On 22 February 2024, the European Commission in its FAQ (Section 13 of “Trade and Customs”) on Article 12g of the EU Regulation 833/2014, proposed the wording for the “No re-export to Russia clause”. The clause applies to contracts with operators based in any non-EU country (other than in a partner country, for example, Switzerland) in respect of certain sensitive goods and technologies. The clause must contain adequate remedies to be activated in case of its breach and can include, for example, termination of the contract and payment of penalties.
Did the U.S. adopt measures with respect to the US sanction circumvention?
On 23 February 2024 the US Department of the Treasury’s Office of Foreign Assets Control (OFAC) and the U.S. State Department adopted the largest number of sanctions imposed since Russia-Ukraine conflict under the Executive Order 14024, including sanctions on over 500 individuals and entities.
The sanctions target both Russian and non-Russian individuals and entities. More than two dozen individuals and entities in third countries which were involved in the US sanction circumvention, including Germany, Finland, Ireland, China, Kazakhstan, Kyrgyzstan, Turkey, Serbia, the UAE, and Vietnam, were designated. As a result, the property and interests in property within the US or within the possession or control of any US person of the sanctioned individuals or entities must be blocked.
Do Swiss/Liechtenstein or EU banks need to “block” the assets of the companies that were designated by the U.S. under the EO 14024 on 23 February 2024?
Swiss and EU banks often on their own freeze assets of clients who are designated under EO 14024 and are listed in the Specially Designated Nationals list (SDN list). This, however, does not constitute “asset blocking” because the latter implies US legal authority. For the assets in question to be “blocked” under U.S. law, U.S. jurisdiction is required. If the assets are physically located outside of the U.S. (e.g. in Liechtenstein or Switzerland), U.S. jurisdiction would need to attach by way of a U.S. person (e.g., an asset manager or property owner), or otherwise involve some connection to the U.S., including U.S. dollar-clearing. If there is no U.S. nexus, the OFAC cannot assert its authority.

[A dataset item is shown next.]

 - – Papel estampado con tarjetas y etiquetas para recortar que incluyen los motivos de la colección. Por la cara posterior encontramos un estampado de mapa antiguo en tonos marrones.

Are there any sanctions that the U.S. applies directly to foreign financial institutions?
On 22 December 2023 the Office of Foreign Assts Control (OFAC) issued an amendment to Executive Order 14024 that provides OFAC with new authorities to target foreign financial institutions (FFIs) for engaging in the evasion of U.S. sanctions. These sanctions apply with respect to certain transactions and SND designated persons.

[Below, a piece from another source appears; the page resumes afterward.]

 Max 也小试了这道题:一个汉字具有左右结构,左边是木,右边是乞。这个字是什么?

FFIs may be sanctioned for engaging in certain transactions involving Russia’s military-industrial base. For example, FFIs may be sanctioned for processing any significant transaction(s) for persons that have been designated for operating or having operated in the technology, defense and related materiel, construction, aerospace, or manufacturing sectors, or additional sectors as may be determined to be part of the military-industrial base. FFIs may also be sanctioned for maintaining accounts, transferring funds, or providing other financial services to persons, either inside or outside Russia, that operate in the specified sectors of the Russian Federation economy.
Why LINDEMANNLAW?
LINDEMANNLAW assists clients in de-freezing of their assets in Swiss and EU banks and helps banks with their sanctions compliance.

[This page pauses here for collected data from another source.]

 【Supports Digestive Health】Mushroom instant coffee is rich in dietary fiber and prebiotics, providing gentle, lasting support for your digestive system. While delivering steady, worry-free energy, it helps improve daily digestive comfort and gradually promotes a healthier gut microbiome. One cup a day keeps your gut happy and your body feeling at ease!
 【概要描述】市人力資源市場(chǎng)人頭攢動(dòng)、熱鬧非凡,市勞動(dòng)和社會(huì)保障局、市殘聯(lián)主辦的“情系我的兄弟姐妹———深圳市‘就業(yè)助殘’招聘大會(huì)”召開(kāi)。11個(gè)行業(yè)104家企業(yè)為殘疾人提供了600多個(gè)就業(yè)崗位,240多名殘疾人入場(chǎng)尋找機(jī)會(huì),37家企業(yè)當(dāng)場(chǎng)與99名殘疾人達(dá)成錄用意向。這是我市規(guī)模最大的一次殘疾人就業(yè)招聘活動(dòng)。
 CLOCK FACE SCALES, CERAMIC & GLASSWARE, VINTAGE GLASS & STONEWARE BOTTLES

- At LINDEMANNLAW we have experience with EU, Swiss and US broad variety of sanctions matters as we employ EU, Swiss and US lawyers.
- We have Russian speaking lawyers in our team who work on sanctions cases and work with Russian speaking clients for more than 12 years.
- We have a specialized litigation team.
- Alongside with human expertise, LINDEMANNLAW utilizes custom-tailored AI technology.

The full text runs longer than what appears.